■ **Source material**
========

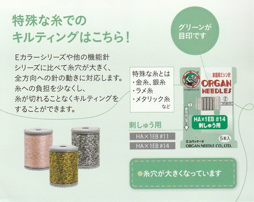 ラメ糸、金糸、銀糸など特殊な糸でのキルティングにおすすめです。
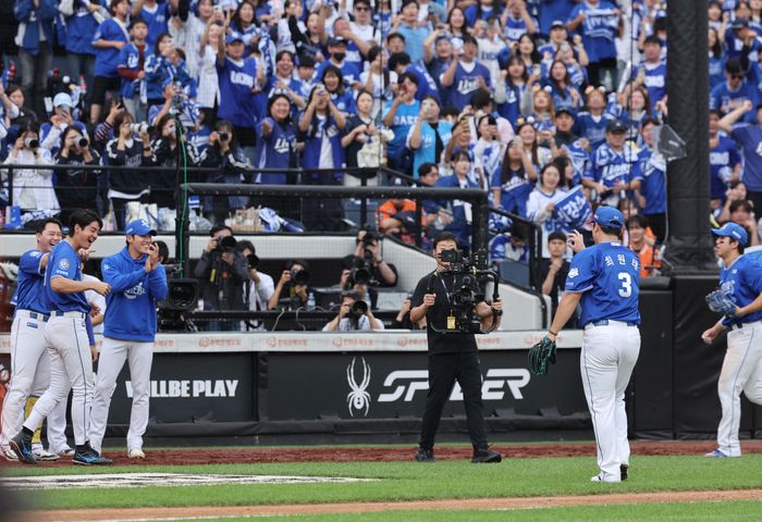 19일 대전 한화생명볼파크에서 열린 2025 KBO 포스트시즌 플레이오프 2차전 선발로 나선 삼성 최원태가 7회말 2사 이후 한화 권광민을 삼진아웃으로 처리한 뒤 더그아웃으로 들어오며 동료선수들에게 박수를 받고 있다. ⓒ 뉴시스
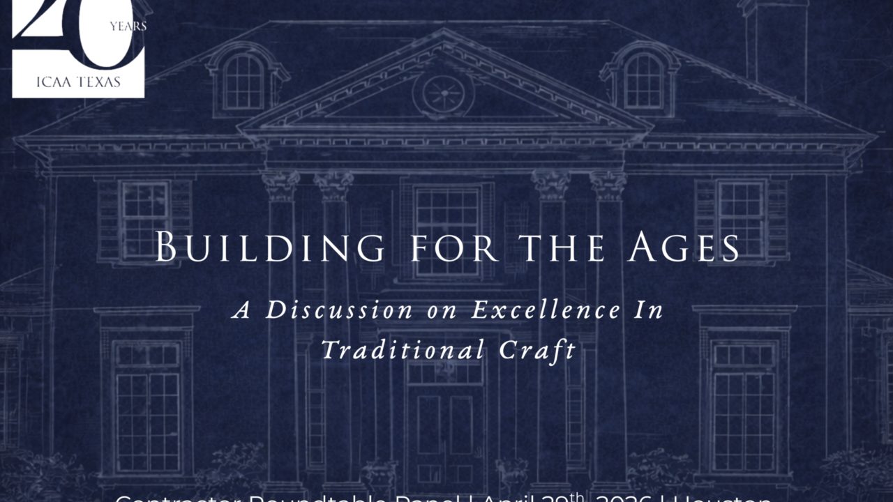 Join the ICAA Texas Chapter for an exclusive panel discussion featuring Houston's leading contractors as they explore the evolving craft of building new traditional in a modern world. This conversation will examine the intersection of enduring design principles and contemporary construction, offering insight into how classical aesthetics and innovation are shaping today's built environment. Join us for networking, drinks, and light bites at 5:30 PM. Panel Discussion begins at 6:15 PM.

========

■ **What you need to do**
Transcribe all of the material exactly and leave out its pictures.

■ **Answer to this exercise**
 ラメ糸、金糸、銀糸など特殊な糸でのキルティングにおすすめです。
 19일 대전 한화생명볼파크에서 열린 2025 KBO 포스트시즌 플레이오프 2차전 선발로 나선 삼성 최원태가 7회말 2사 이후 한화 권광민을 삼진아웃으로 처리한 뒤 더그아웃으로 들어오며 동료선수들에게 박수를 받고 있다. ⓒ 뉴시스
 Join the ICAA Texas Chapter for an exclusive panel discussion featuring Houston's leading contractors as they explore the evolving craft of building new traditional in a modern world. This conversation will examine the intersection of enduring design principles and contemporary construction, offering insight into how classical aesthetics and innovation are shaping today's built environment. Join us for networking, drinks, and light bites at 5:30 PM. Panel Discussion begins at 6:15 PM.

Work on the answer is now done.